“Leo, what the hell happened up there? Why did you run off?” Melody said.
“I—it was nothing. I just wasn’t that hungry,” I said, and my stomach chose that moment to betray me and grumble in protest.
“Then why are you both flustered? Do you know Dawson Eldred?” she asked.
“No,” I answered before my body betrayed the real answer, too, and I tried to close the door, but Melody slapped her hand against it.
“This is a very expensive door, so I’d rather you didn’t slam it. Besides, it’s rude to close the door on someone when they’re not done talking to you. Mom taught you better,” she said.
I apologized and propped the door open again.
“Are you going to tell me what happened?” she asked.
“I don’t know,” I answered her honestly.
A bell rang outside the room, and Melody turned to look at the end of the corridor.
“Someone’s at reception, so I’ve gotta go, but we’re not done here, little lion. You will tell me what’s going on between you two later.”

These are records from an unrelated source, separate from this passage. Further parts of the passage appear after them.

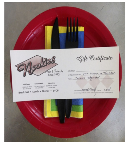
description Thanks, Nookies! $25 - Gift Card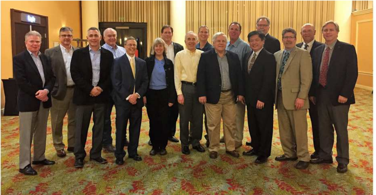
2017 Sierra Chapter Past President's Dinner February 15, 2017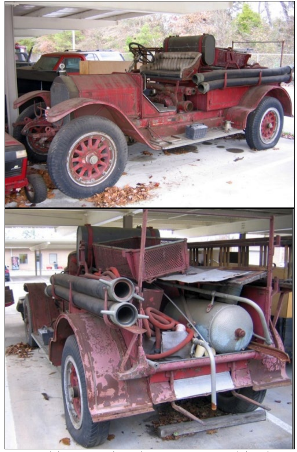
Newton's first rig is waiting for some loving, a 1921 ALF Type 40 triple (#3371).

Melody raised her finger in my face, and only when I accepted did she turn around to leave.
I closed the door and took slow steps toward the bed and collapsed on it. When my face hit the mattress and my mouth was muffled by the comforter, I let out a growl.

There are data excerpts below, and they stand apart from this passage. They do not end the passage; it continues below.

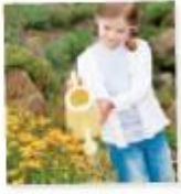
water the plants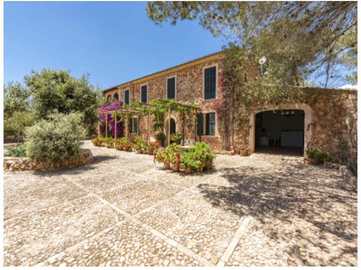
Stone-covered country house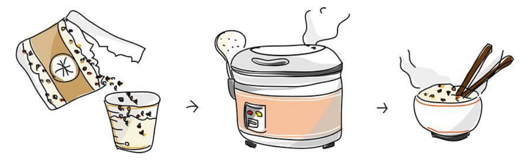
Figure 8: Rice seriesConcept

Based on the recipe of Sangria, ZeelandiaFirm added Golden Diamond Pineapple preserves (from Guanmiao Township of Tainan), sugar cubes produced by Taiwan Sugar, and local spices to produce a local flavor.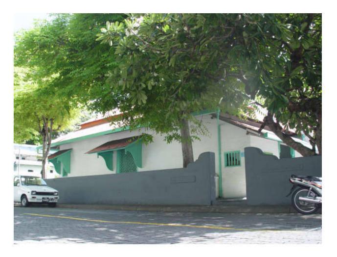
Fig 2. General View of Dharumavantha Rasgefaanu Mosque before conservation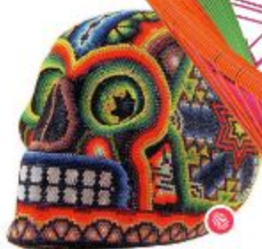
Calavera Huichol Mexican skull, $165, nume.co.uk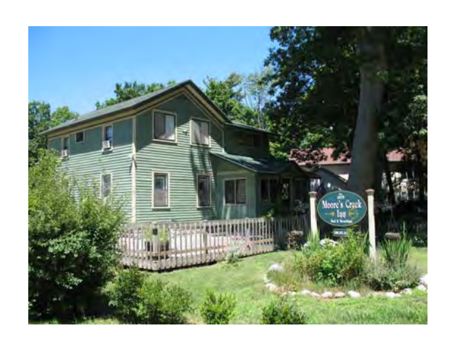
820 Holland, Saugatuck Moore's Creek Inn

Dawson knew how to get my worst self out in the open. I should have said something. That asshole had insulted me, and my response was to run off like a sulking child instead of standing my ground. This wasmyhometown. He didn’t get to win in Cedarwood Beach.
Dawson fucking Eldred. What were the chances of bumping into him here of all places?
The traitor that broke my heart.
Memories of my early adult life came rushing in. Attending masterclasses from big theatre veterans at drama school. The intense workouts at the dance studio. The singing coaches. The competition. It had been an amazing time in my life. An innocent time. A time that I was allowed to be myself and explore who I was. Remembering those years should make me smile. Those memories would be the best of my life if Dawson hadn't infected them with his poison.
I remembered it as if it were yesterday. Meeting him on the first day. His tall physique, blond hair, blue eyes. It made me drool. Even now as a thirty-eight-year-old man, the image of young Dawson made me feel like a pubescent schoolboy.
I’d never felt like this before. So completely infatuated with someone that every one of my waking moments was stolen by the thought of him.
After growing up in a small town where everyone kept to themselves trying not to upset the status quo or be the ridicule of the grapevine, Dawson had been like a breath of fresh air in my life.
Sharing classes and moments with a guy who was so unashamedly himself had given younger me the confidence I’d needed to be myself.
It was true, we'd never had a friendship, at least none that was reciprocated, but we'd been close. Until, of course, we'd started sleeping together. Then we grew closer.
Which is why his betrayal stung even more. I’d never forgotten what Dawson did back then. And I’d never forgiven him. It had been a blessing not seeing him since we left drama school at twenty-one. I couldn't stand the sight of the guy.
It still hurt as if it had just happened. His empty promises. Putting his career over me. Two decades later and the pain was still as raw as it was back then. But I guess I’d learned a very important life lesson, and I should be grateful to him for that.
Do not trust anyone.
Had that helped me in life? If my relationship with my band members was any indication, no. It hadn't helped.
I lifted my head off the bed and took another breath. I couldn’t let this happen to me again. Let the negative emotions take over me and put me through the wringer. I couldn’t risk it.
If I let the negativity in, there was a risk of the cravings returning, and anything I used to keep them at bay, be it yoga or meditation, it all went out the window and I was at war with myself anew.
I’d always been more of a spiritual guy than a religious person, unlike my family, but I hadn't fully appreciated the power of spirituality until I had taken the step to accepting my addiction problems, and it was my beliefs and practices that had helped me get back on my feet, stronger than ever.
Of course, that hadn't been easy, either. And my rocky relationship with the rest of One Shot had made it even harder. While they supported me getting better and fighting my demons, they had their own, and it had become quite obvious they'd had enough of me.
The fact that they’d been raging religious homophobes had never helped. It had always kept our friendship on a superficial level, and everyone put up with me because of the fame it brought them. I was the voice of One Shot, and no one could deny it.